The aphorism that “the ends justify the means” was once attributed to Bolshevism by its detractors. In response, Trotsky took it upon himself to criticize it in Their Morals and Ours. He correctly argued that the means can be justified only by the ends, but the ends, in turn, must also be justified. The aim of Hamas is to set up an Iranian-style theocratic state — which in Iran itself was constituted by liquidating the vanguard of the 1979 revolution, the shoras (councils), and the Kurdish struggle — for anyone who claims to be a revolutionary Marxist, this is not historically justified. Thus, it is a reactionary program.
From the point of view of Marxism, which expresses the historical interests of the proletariat, the end is justified if it entails liberating humanity. This end can be achieved only by revolutionary means. So, are all means permitted for the purposes of class struggle against capitalism and against imperialism? Trotsky’s answer is no:
Permissible and obligatory are those and only those means, we answer, which unite the revolutionary proletariat, fill their hearts with irreconcilable hostility to oppression, teach them contempt for official morality and its democratic echoers, imbue them with consciousness of their own historic mission, raise their courage and spirit of self-sacrifice in the struggle. Precisely from this it flows that not all means are permissible. When we say that the end justifies the means, then for us the conclusion follows that the great revolutionary end spurns those base means and ways which set one part of the working class against other parts, or attempt to make the masses happy without their participation; or lower the faith of the masses in themselves and their organization, replacing it by worship for the “leaders.” Primarily and irreconcilably, revolutionary morality rejects servility in relation to the bourgeoisie and haughtiness in relation to the toilers.
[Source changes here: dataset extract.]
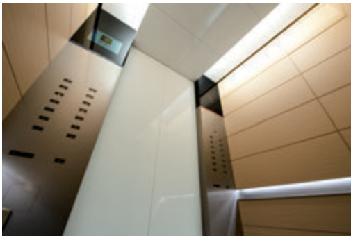
24-person passenger elevator car ceiling (after renewal)

Of course, these are general criteria that do not tell us what is admissible or inadmissible in every situation. These problems are intertwined with those of revolutionary strategy and tactics. In the case at hand, our differences with Hamas are in both the ends and the means. Even though the Hamas leadership was elected and clearly has a broad popular base, we reject the authoritarian methods with which they govern by systematically repressing mobilizations that escape its control (whether against corruption, inequality, the clientelistic distribution of humanitarian aid or local workers’ strikes). While opposing the Zionist occupation, Hamas aims to subordinate the Palestinian workers to the local and regional Muslim bourgeoisies.
Specifically regarding the action of October 7, part of it was directed against military targets such as checkpoints, IDF positions, barracks, capture of Israeli military, etc. But other parts of the operation involved killing hundreds of young people who were at a rave, families living in kibbutzim, and many other noncombatants.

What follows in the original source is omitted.